Selama beberapa dekade, Rusia dan Jepang telah berhasil menyelesaikan
sengketa-sengketa teritorial mereka. Namun hingga saat ini, Kepulauan Kuril
masih menjadi masalah yang tidak pernah terselesaikan dan menjadi batu
sandungan bagi hubungan kedua negara. Waktu terus berlalu, kedua negara silih
berganti pemimpin dan pemerintahan, berbagai usaha telah diupayakan, namun
masalah sengketa ini tidak terpecahkan. Apa yang menjadi penyebabnya?

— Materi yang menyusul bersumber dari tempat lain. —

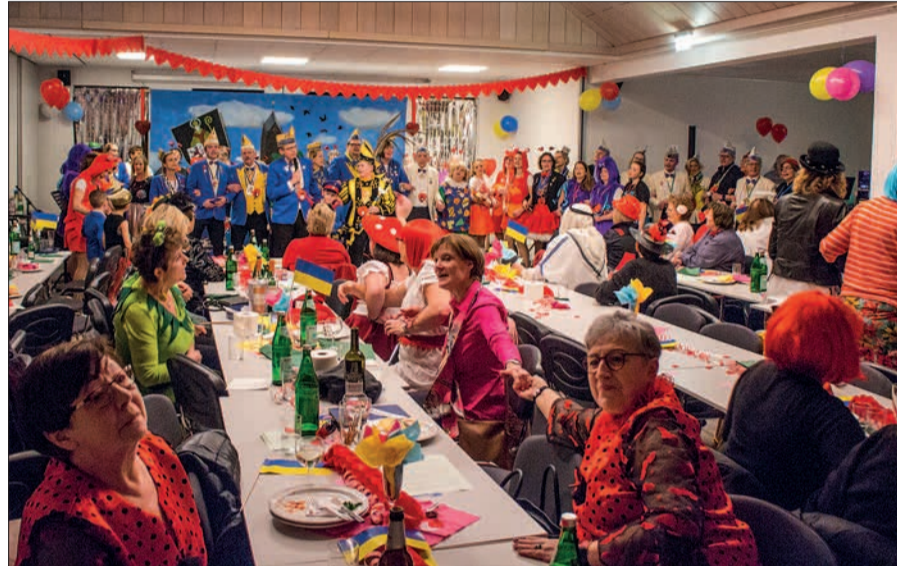
Schon gleich zu Beginn der Veranstaltung „bebt“ der Pfarrsaal.

Saat ini, Rusia mengklaim Jepang tengah melakukan propaganda untuk
menegaskan posisinya dalam perselisihan sengketa wilayah dengan Rusia, Korea
Selatan dan China. Untuk melaksanakan propaganda ini, pemerintah Jepang
membentuk unit khusus yang terdiri dari 15 pejabat dan ahli independen. Tugas
mereka adalah mempelajari dan menganalisis secara menyeluruh posisi
negara-negara lain di wilayah yang disengketakan. Para analis Rusia mengatakan
bahwa Tokyo telah mengumandangkan perang informasi untuk melawan Moskow,
Beijing, dan Seoul. Analis Rusia menilai, Rusia harus lebih aktif dalam
menggambarkan posisinya di Kepulauan Kuril kepada masyarakat dunia.
Rangkaian pulau yang dikenal dengan Kepulauan Kuril membentang ke utara
melintasi Samudera Pasifik dari Pulau Hokkaido Jepang ke ujung selatan Semenanjung
Kamchatka Rusia. Itu adalah subyek sengketa kedua negara ini sejak 60 tahun
lalu.
Sudah sejak lama Jepang mengklaim empat pulau di bagian selatan Kepulauan
Kuril yaitu; Kunashir, Iturup, Habomai dan Shikotan. Moskow, pada gilirannya,
juga bersikeras bahwa Kuril Selatan adalah bagian dari Uni Soviet setelah
Perang Dunia II dan kedaulatan Rusia atas kepulauan itu tidak bisa diragukan.
Di bawah Perjanjian Damai San Fransisco tahun 1951, yang ditandatangani
antara sekutu dan Jepang, Jepang diberikan hak kepemilikan atas kepulaun Kuril.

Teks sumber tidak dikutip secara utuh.